Rachel dedica il libro ad Albert Schweitzer, Premio Nobel per la pace, il medico che andò a curare gli ultimi in Africa, i dimenticati, i cancellati, e disse "L'uomo ha perduto la capacità di prevenire e prevedere. Andrà a finire che distruggerà la Terra". Rachel in Primavera Silenziosa scrive: “Penso che come umanità siamo chiamati ad affrontare la più grande sfida della nostra storia. Dimostrare la nostra maturità e la nostra capacità di padroneggiare non tanto la natura, quanto noi stessi".
Il libro ha un potere deflagrante, arriva a vendere un milione di copie. Tanto che le multinazionali della chimica investono migliaia di dollari pur di screditare Carson. La attaccano in ogni modo, ma soprattutto sul piano personale: non è sposata, non ha partorito, una nullipara figuriamoci, è un'isterica, è irrazionale, probabilmente comunista. Ezra Taft Benson, ex segretario del Dipartimento dell’Agricoltura americano, lo dice nero su bianco: “Come mai una zitella senza figli è così interessata alla genetica?”.

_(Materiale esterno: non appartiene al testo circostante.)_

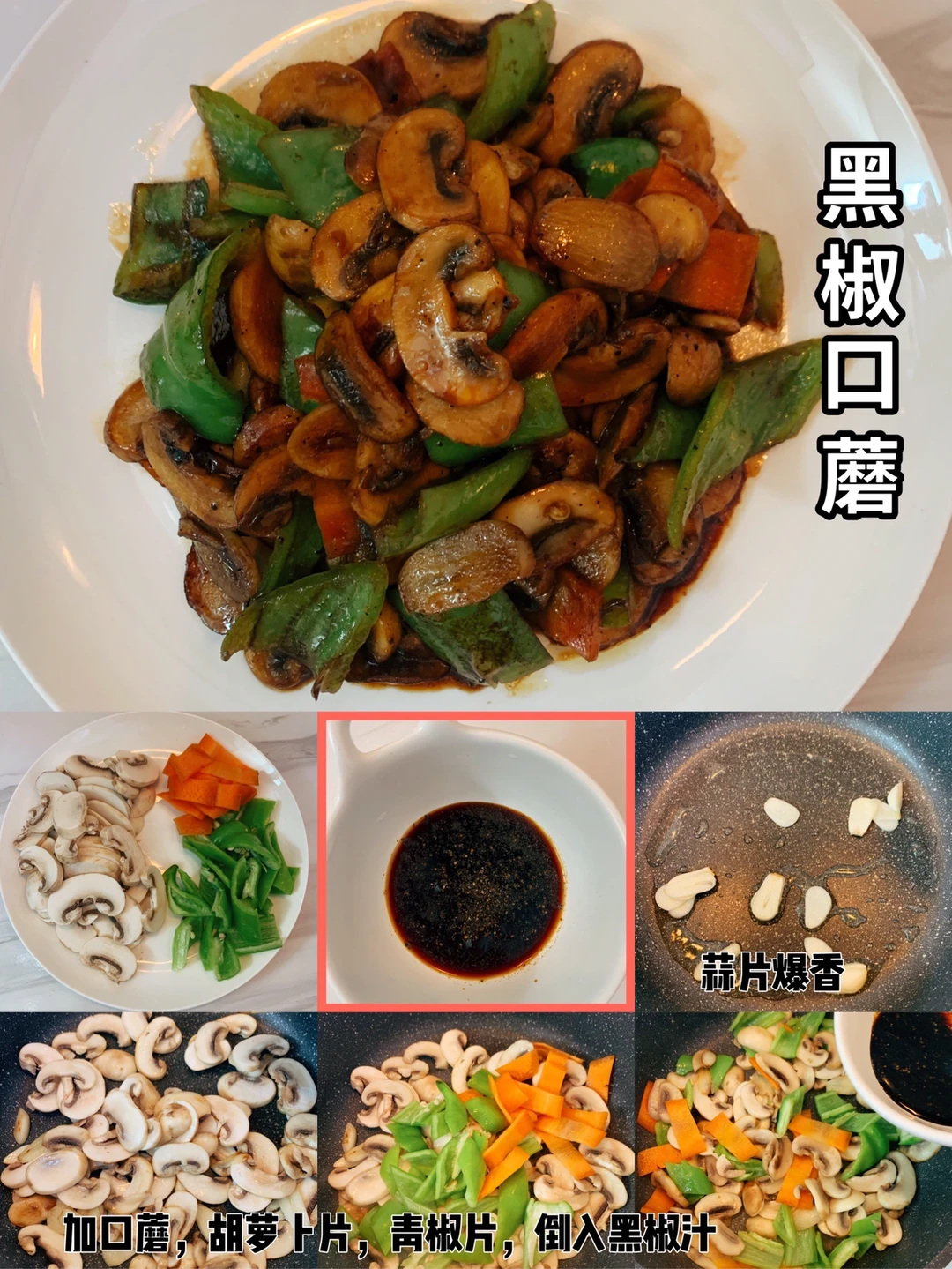 ♨️做法:口蘑切片,油热加蒜片加入口蘑炒软,倒入黑椒汁翻炒均匀即可。
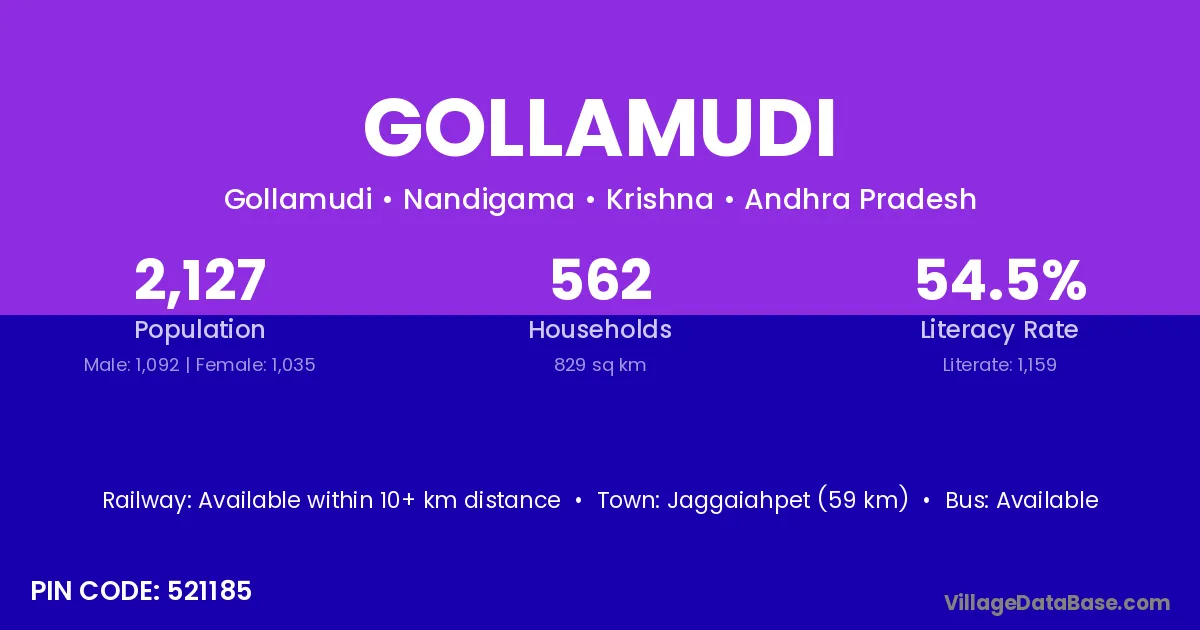 Gollamudi village has a total population of 2,127 people, of which 1,092 are males and 1,035 are females.
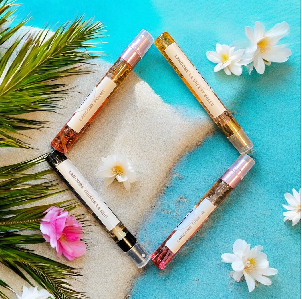 Lancome Fragrances 10ml spray atomizer. La Vie Est Belle, Poeme, Tresor and Tresor La Nuit. 100% genuine fragrance. Holds 140-160 sprays. Small enough to carry in your handbag.
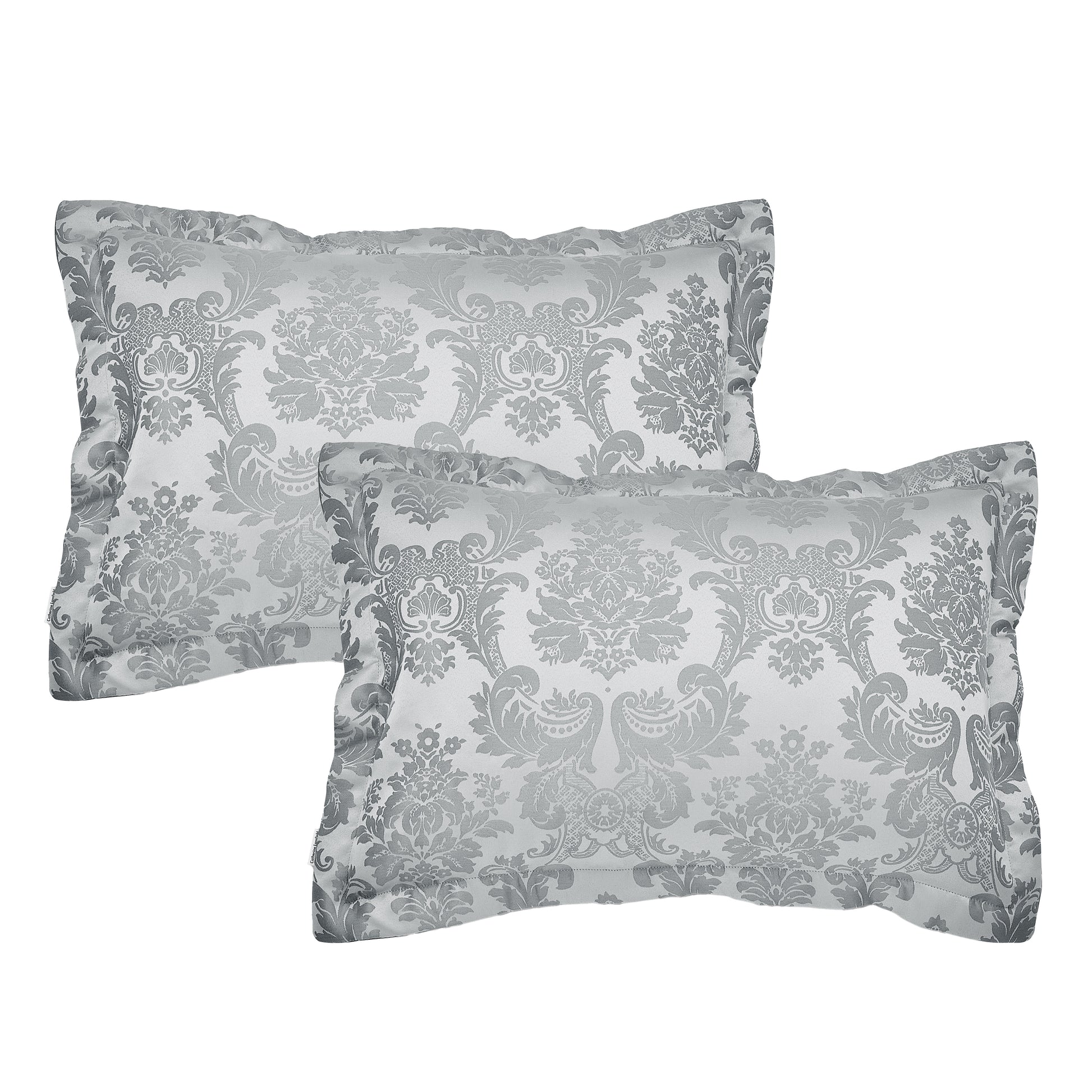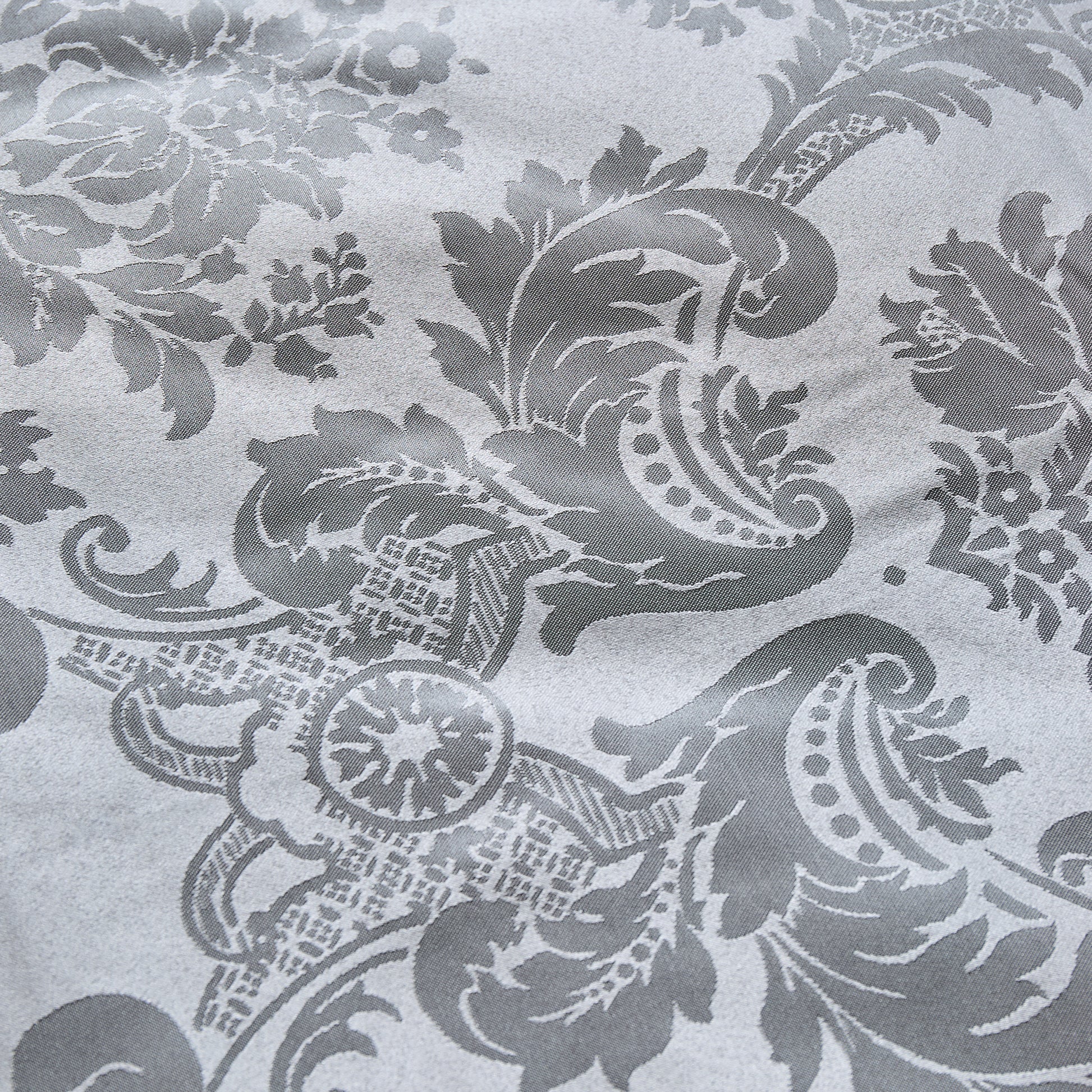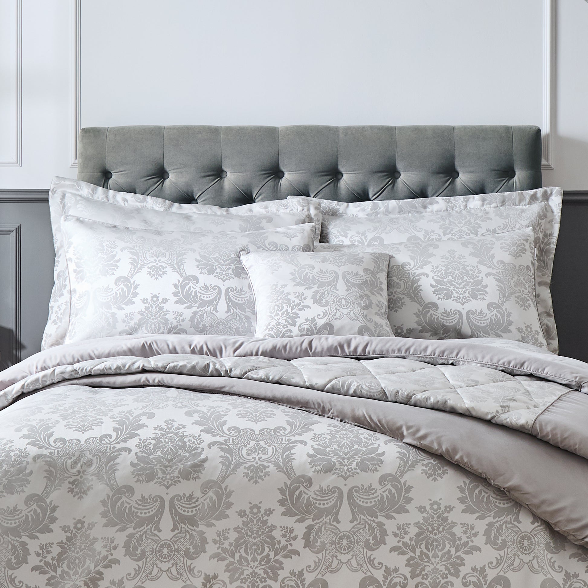 A beautiful and classic damask jacquard, woven with intricate scrolling leaf details in luxurious silver tones is perfect for a master bedroom with finishing touch accessories.

Ma la battaglia di Rachel non si ferma: il comitato scientifico istituito da John Fitzgerald Kennedy per valutare l'impatto degli studi di Carson dà ragione alla scienziata e nel 1963 raccomanda il graduale abbandono dei pesticidi tossici. Nove anni dopo il presidente Richard Nixon vieterà l'utilizzo del Ddt in agricoltura negli Stati Uniti: 100mila tonnellate prodotte ogni anno.

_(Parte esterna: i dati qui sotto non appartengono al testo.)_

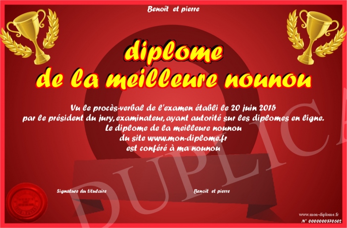 Envoyez par email votre diplôme de la meilleure nounou personalisé
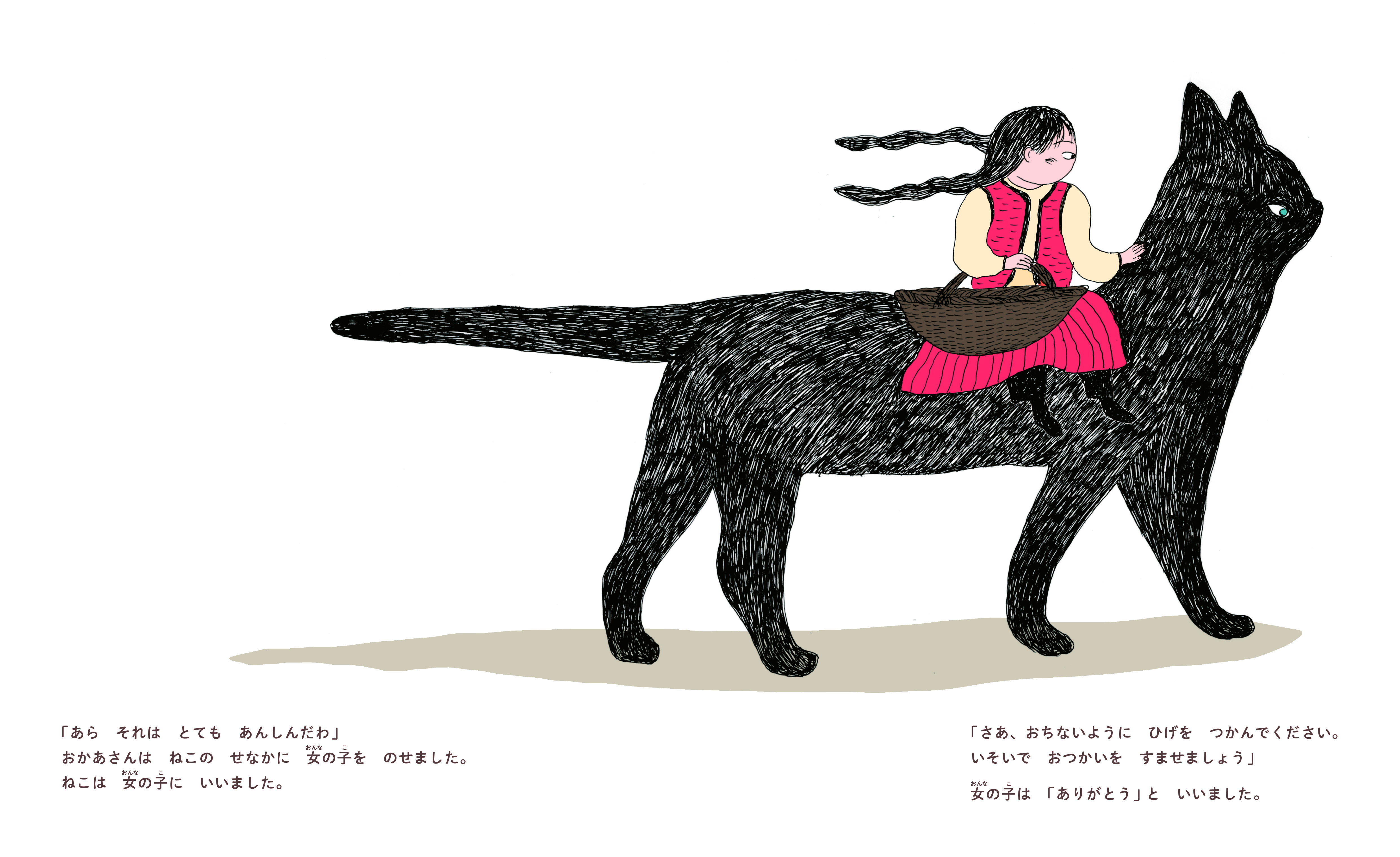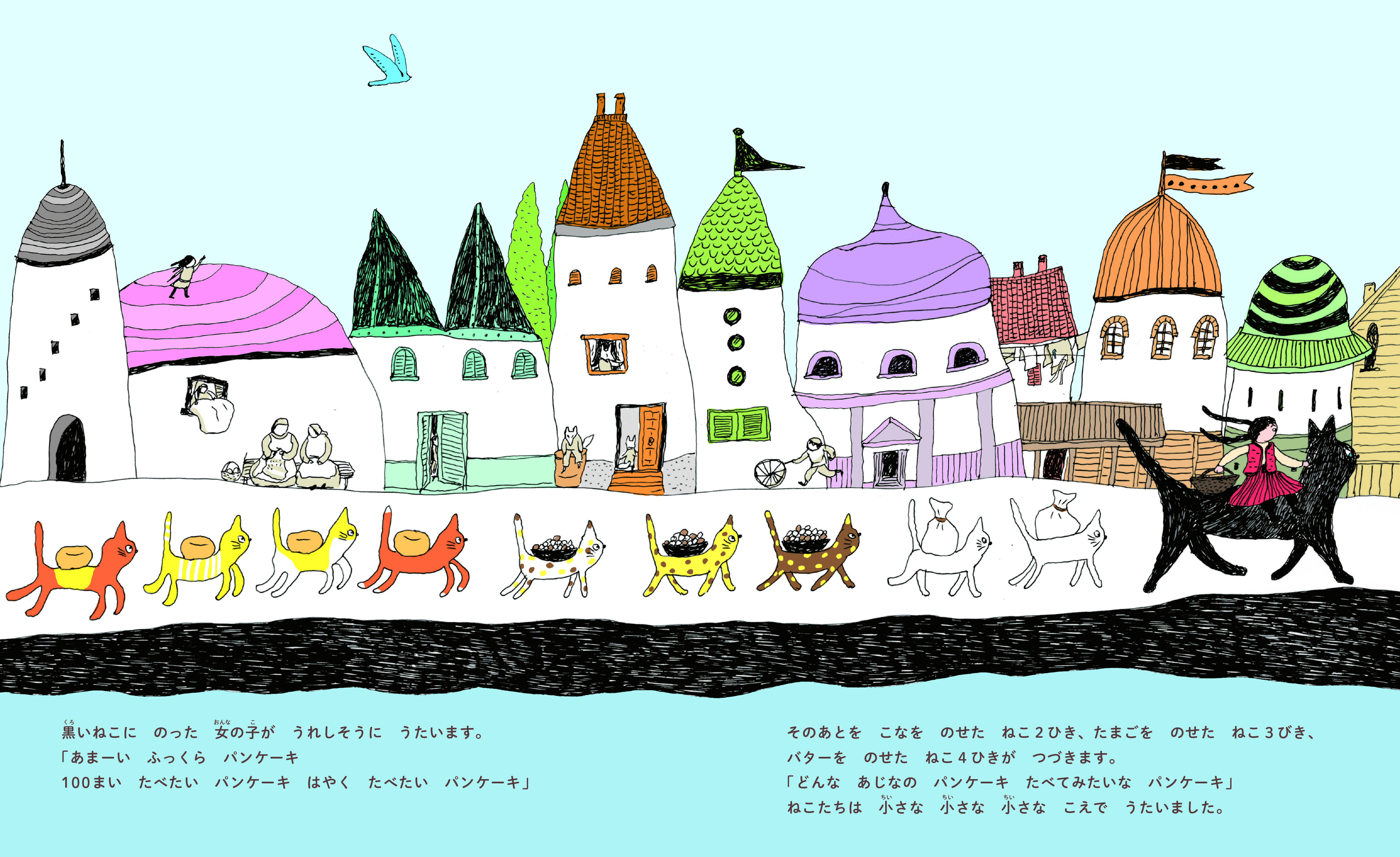 そこへ現れたのは大きな黒ねこ。行く先々でも、たくさんのねこたちが買い物のお手伝いをしてくれます。

Carson non avrà la possibilità di fare festa a suo modo: camminando laddove si infrangono le onde o passeggiando sotto gli alberi dell'infanzia. Un tumore al seno se la porterà via a 57 anni, nell'aprile del 1964.

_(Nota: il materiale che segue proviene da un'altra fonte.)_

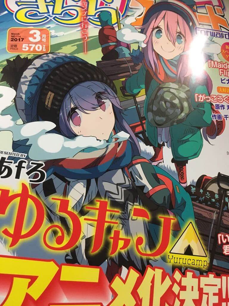 นิตยสาร Manga Time Kirara Forward magazine ของ Houbunsha ฉบับเดือนมีนาคมได้ประกาศออกมาเมื่อวันอังคารว่ามังงะเรื่อง "Yurucamp (Yurukyan△) " ของ Afro ได้ถูกนำไปสร้างเป็นอนิเมะแล้ว
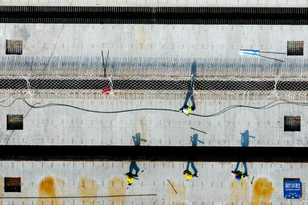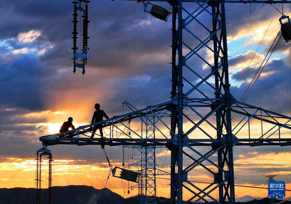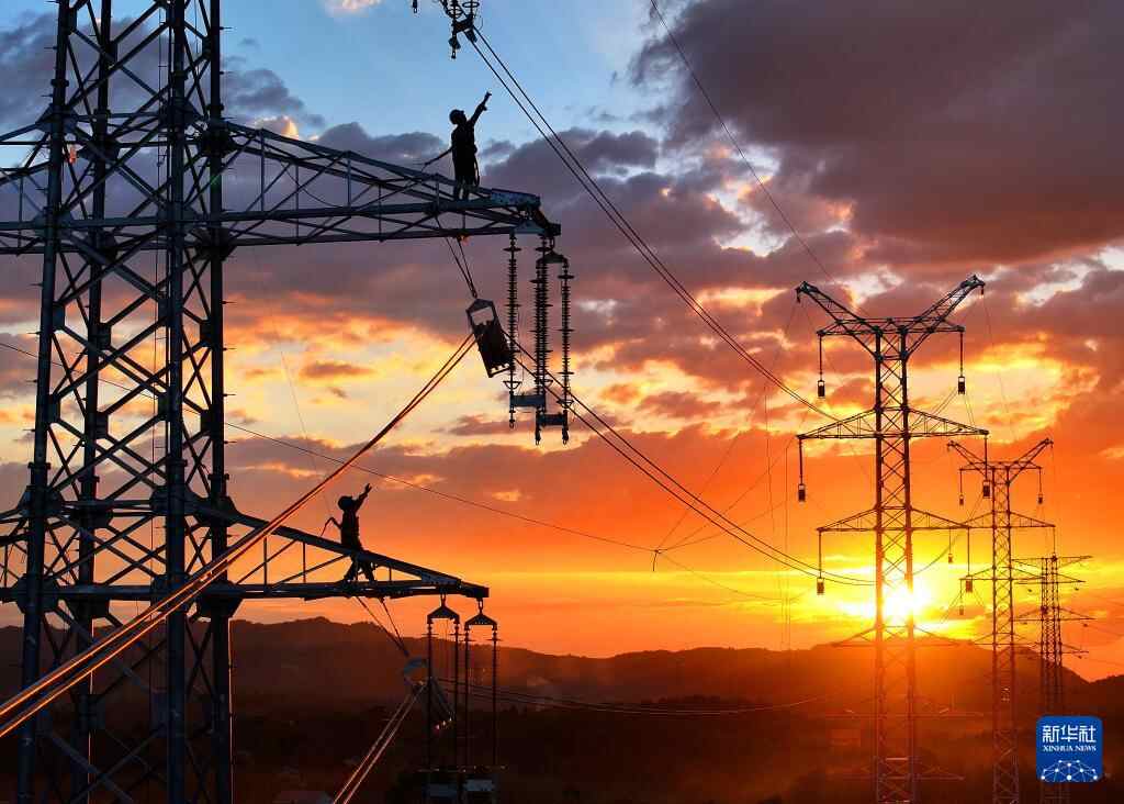 10月6日,在湖南省衡阳市雁峰区南三环路上,湖南雁能建设集团有限公司的施工人员在高塔进行架线施工作业(无人机照片)。

Ora il tema del Ddt è di nuovo in auge, in ambito scientifico, come "unico rimedio" contro la malaria in Africa e in India. Così nuovamente dibattuto da dimenticare che la battaglia di Rachel Carson fu diversa, che la sua non fu una guerra contro il Dicloro-Difenil-Tricloroetano ma una sfida necessaria a sostegno di una ricerca altra, sostenibile per noi e per la Natura. Quando esimi scienziati, famosi scrittori che parlano di "caro, vecchio Ddt" dicono che vietare il Flit (così lo chiamavamo in Italia) "ha ucciso più persone di Hitler", dimenticano che Carson non ha mai sostenuto un divieto assoluto dell'insetticida, ma semmai una sua regolamentazione. E tutto questo accadeva in un Paese come gli Stati Uniti dove perfino la pubblicità dell'epoca diceva che mangiare Ddt faceva bene:" Ddt, so safe you can eat it”.
Nel 2020, l'ultimo rapporto della riunione congiunta delle Nazioni Unite sui residui di pesticidi, ha dimostrato che programmi ben gestiti di irrorazione di Ddt in ambienti chiusi non comportano danni agli esseri umani o alla fauna selvatica. Ci sono terre come il Sudafrica, e almeno altri 14 Paesi africani che continuano a usare il Flit contro la malaria - una malattia che colpisce tra 300 e 500 milioni di persone ogni anno- con discreti risultati. Più facile, più economico spruzzare a casaccio, a tonnellate, che cercare altro, ovvio, o dotare di zanzariere o altri presidi medici le popolazioni a rischio. Salvo poi dimenticare che in questa esegesi del Ddt e dei pesticidi la zanzara della malaria è più furba degli esseri umani e che in Asia, ad esempio, ha imparato a difendersi: non muore più. Mentre invece ci ammaliamo noi per le conseguenze dei fitofarmaci e di tutte le violenze che usiamo alla Terra, la Madre che ogni giorno prendiamo a calci, in nome di un falso progresso che è veleno.